StreamReaderWriter, has << and >> operator overloads. This is abstracted, the reason is if we want to read/write from another location then local disk, we can easily override this instance and make our code work. As an example if we want to perform on diskless machines to abstract disk reliability problems.
For more testability and future expansion we can pass Compressor, FileReaderWriter and SerializableStack instances as parameter to our validParanthesis function. We can implement them from interface, this will help us to mock and test the logic with unit tests.
bool validParanthesis(stringstream &sin) {
Compressor comp({'{', '[', '('}); // char set to compress/decompress
StreamReaderWriter srw("tmpFile");
SerializableStack s(comp, srw, 1024); // compressor, stream reader/writer, memory limit
char c;
while(sin >> c) {
if(c == '{' || c == '[' || c == '(') {
s.push(c);
} else if(c == '}' || c == ']' || c == ')' ) {
if(s.size() == 0 || (c == '}' && s.top() != '{') || (c == ']' && s.top() != '[') || (c == ')' && s.top() != '('))
return false;
s.pop();
}
}
return s.size() == 0;
}
Also we can abstract the code from parentheses as well, this way our code can work on different combinations of parenthesis (ie, only (), or [], or multiple {}[]())
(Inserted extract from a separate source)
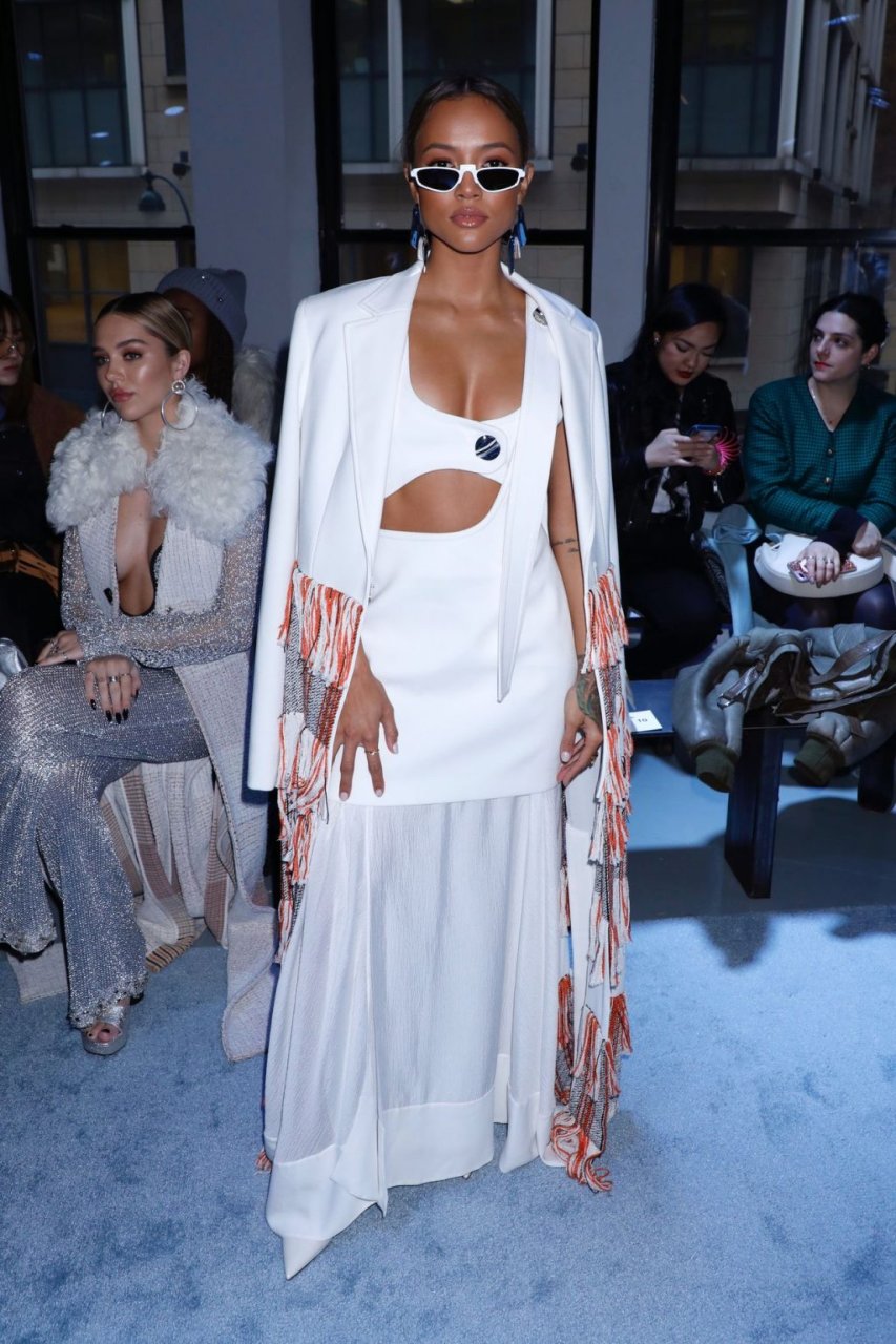 Karrueche Tran mostró su escote luciendo un conjunto blanco en el desfile de otoño/invierno 2019 de 3.1 Phillip Lim durante la Semana de la Moda de Nueva York, 11/02/2019.

bool validParanthesis(stringstream &sin, const unordered_map<char, char> &openParanthesis) {
Compressor comp({'{', '[', '('}); // char set to compress/decompress
StreamReaderWriter srw("tmpFile");
SerializableStack s(comp, srw, 1024); // compressor, stream reader/writer, memory limit
char c;
unordered_map<char, char> closeParanthesis;
for(auto p: openParanthesis) {
closeParanthesis[p.second] = p.first;
}
while(sin >> c) {
if(openParanthesis.count(c)) {
s.push(c);
} else if(closeParanthesis.count(c)) {
if(s.size() == 0 || s.top() != closeParanthesis[c])
return false;
s.pop();
}
}
return s.size() == 0;
}
A cleaner implementation:
private boolean isValidParenthesesInLargeFile(String filePath) throws IOException {
FileReader fileReader = null;
BufferedReader bufferedReader = null;
HashMap<Character, Character> cache = new HashMap<>();
cache.put('(', ')');
cache.put('{', '}');
cache.put('[', ']');
Stack<Character> stack = new Stack<>();
fileReader = new FileReader(filePath);
bufferedReader = new BufferedReader(fileReader);
int r;
while ((r = bufferedReader.read()) != -1) {
char ch = (char) r;
if (cache.containsKey(ch)) {
stack.push(ch);
}
else if (cache.containsValue(ch)) {
char tmp = stack.pop();
if (ch != cache.get(tmp)) {
return false;
}
}
}
return cache.isEmpty();
}
(stack of stacks solution)
- dr.house December 14, 2017Use a stack but limit it's size to a permissible limit, say 4mb, or 4.19 million characters. Once the stack grows beyond this limit, serialize the entire stack onto disk and start a new stack in memory. If the current stack becomes empty, load the last serialized stack from disk into memory and keep working.
There is an edge case where stacks are written and read from disks after almost every operation. The problem is very similar to thrashing in virtual memory.